Omnieater thought that she would be able to get more written this month, but it has been wash.  I apologize profusely. Moving – in a word – stinks. How do your decide what kitchen equipment to take?  Or do you go minimalist and just take knives? (I don’t know why security doesn’t understand a cook’s relationship to knives.)  And what specialty food should you bring?  The weird stuff or nothing?  And can you get Huitalcoche in Berlin?
            Globalization.  Amazing isn’t it?  We can move from one continent to the other without a second thought.  Forty years ago when my parents just immigrated to the United States, it was good-bye forever.  My grandmother would mail large bags of dried anchovies and ggim (Nori) because my mother complained she couldn’t find any decent ones in the states.  Sushi or short-grain rice could only be found in little cramped Asian grocery stores with dubious hygiene standards.  Not anymore.  In the states, the variety of food is astounding. Fish from Victoria Falls, Chinese pickled beans, berbere spice – you can find it as long as you have Internet access and a post box. You can even get crazy durian at Ranch 99 on the West Coast.
            This all, of course comes at a cost.  Foodies love to rave about the diversity of ethnic foods we have across the world due to globalization, but when you think about the carbon footprint.  Conscience calling – it’s Greenpeace.  Localvores pontificate about the importance of local agriculture, but in January, eating a diet of beets, potatoes and kale is probably will kill your appetite – or will to live.

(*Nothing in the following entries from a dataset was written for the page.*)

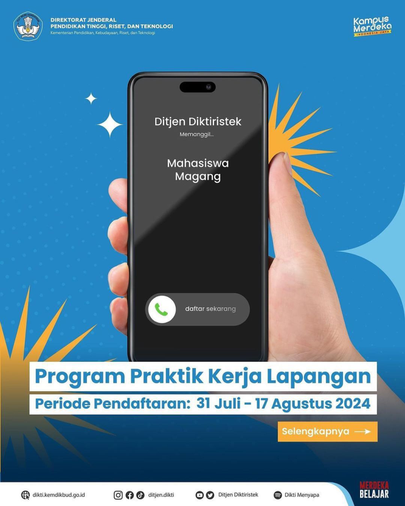 Kebetulan banget, Ditjen Diktiristek membuka peluang untuk seluruh mahasiswa melakukan Praktik Kerja Lapangan (PKL) selama periode September-Desember 2024. 📅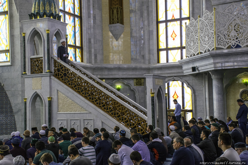 Мечеть является главной джума-мечетью всего Татарстана и Казани. Один раз в неделю (всего лишь одни раз и не громко), в пятницу, с минаретов мечети звучит призыв (азан) к молитве. Многочисленные верующие стекаются на молитву со всех концов Казани в мечеть, построенную в год тысячелетия Казани в 2005 году, на месте старой мечети, разрушенной войсками царя Ивана Грозного при штурме Казани в 1552 году. Все остальные дни мечеть открыта для посещения туристами. Мне посчастливилось оказаться в Кремле именно в пятницу и снять намаз. Верующие отнеслись к съемкам спокойно, некоторые спрашивали из какого я издания. Службу вёл Хасанов Ильфар-Хазрат. Служба была на арабском и татарском языках.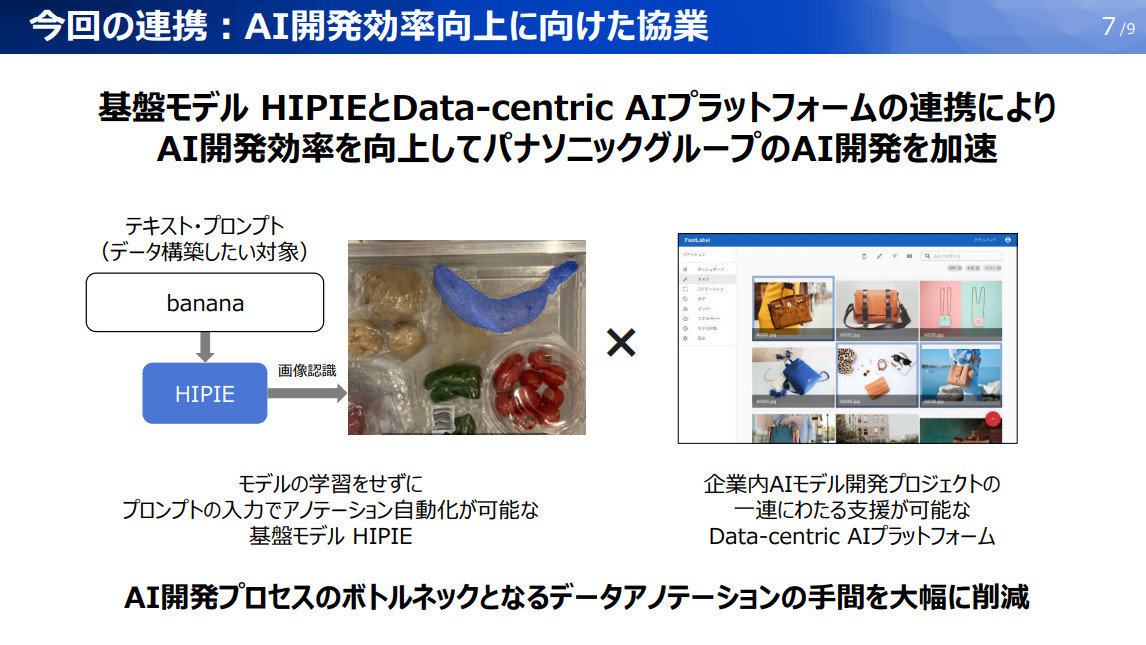 パナソニックHDとFastLabelは、パナソニックグループのAI開発の効率化を目的とし協業を行う。AIプロセス全体の効率化とともに、パナソニックHDが開発するマルチモーダル基盤モデル「HIPIE」とFastLabelのData-Centr...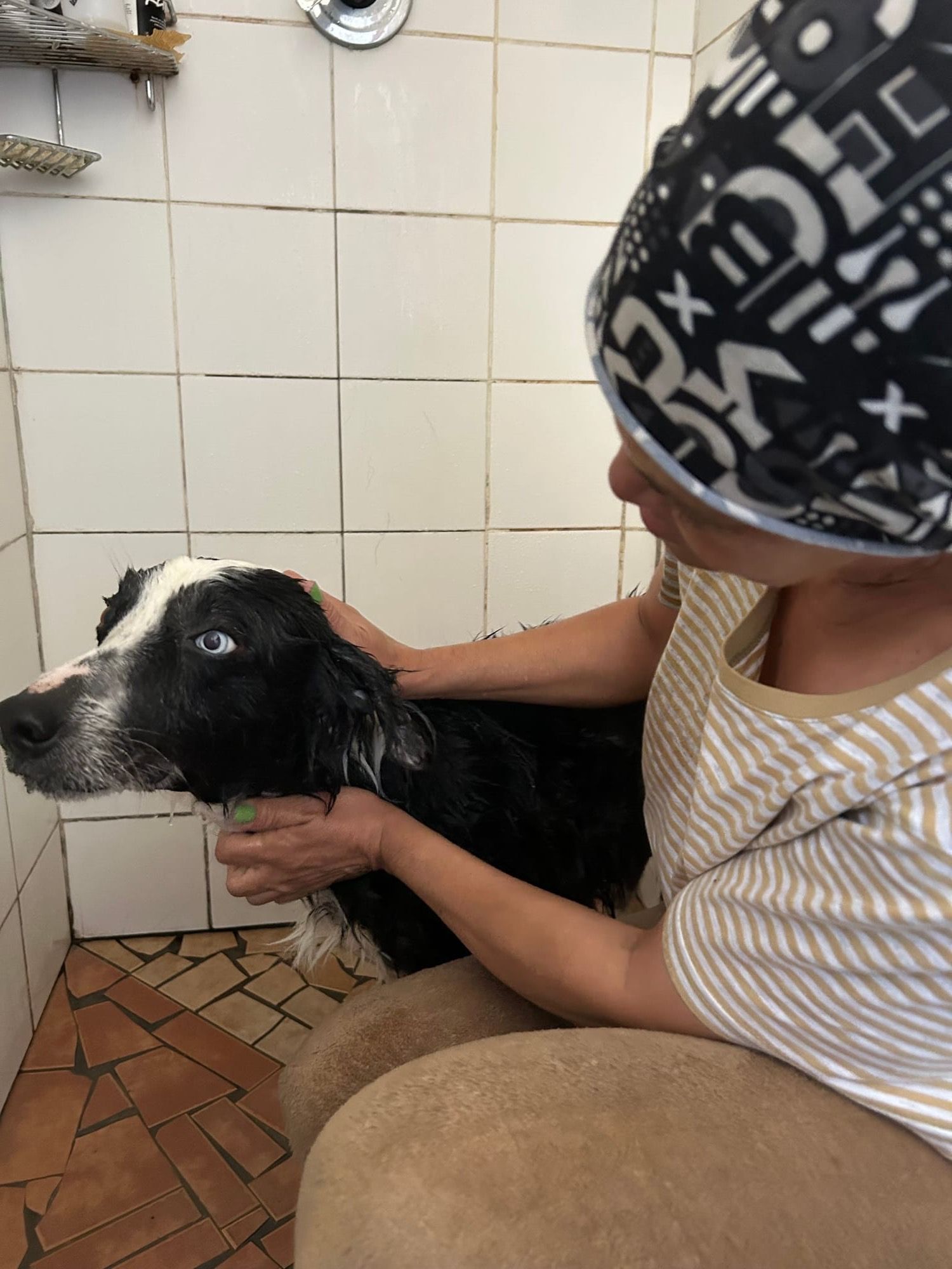 The lady who helped me rescue him fell in love with him, something that happens quickly when you hand-pick parasites from a dog's entire body, and they trust you enough to allow you, and she looked after him for a few days.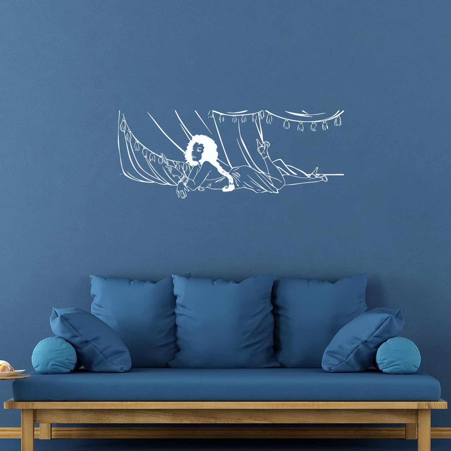 Gently press the decal area to secure it firmly to the wall.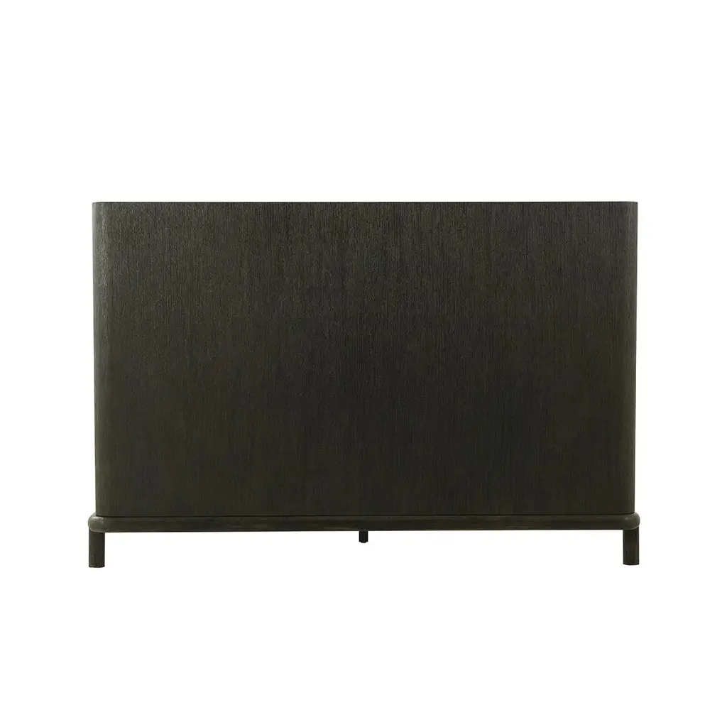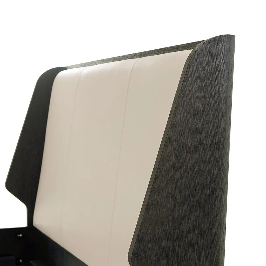 Beautifully raised on round Mission-style legs. The leather upholstered wing bnack headboard is fully veneered on the back as are the rails and footboard. Dimensions: 82.75" W x 91.5" D x 54.25" HShown in Charcoal Oak FinishShown in Twild-LE0295 LeatherFor US King mattress - 76 x 80" Side and Front Rail Apron Clearance: 5½ in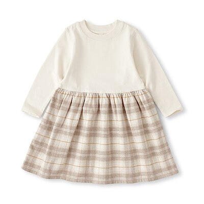 ベビー 両面起毛フランネル プルオーバー長袖ワンピース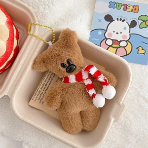 Мягкий брелок "Мишка" красно-белый шарф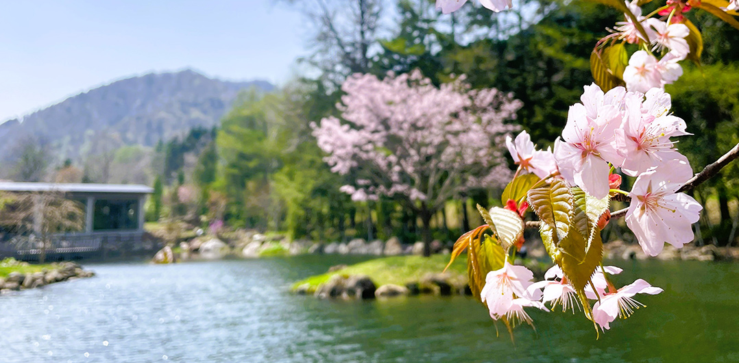 Our relaxing garden is the debut appearance of the trees and plants that have been raised in loving care here, including the Sakhalin firs,

            Can the foodie and the locavore ever meet? They are not mutually exclusive, but here’s the ethical dilemma: 
           
What does it mean to eat well?

According to Max Weber, the German social theorist, we must accept a modernity in which research and science tells us nothing about our values.  We still must determine them ourselves.  For the foodie and the localvore, there must be a middle ground – the earth depends on it.  Only we have the power to determine how we get there.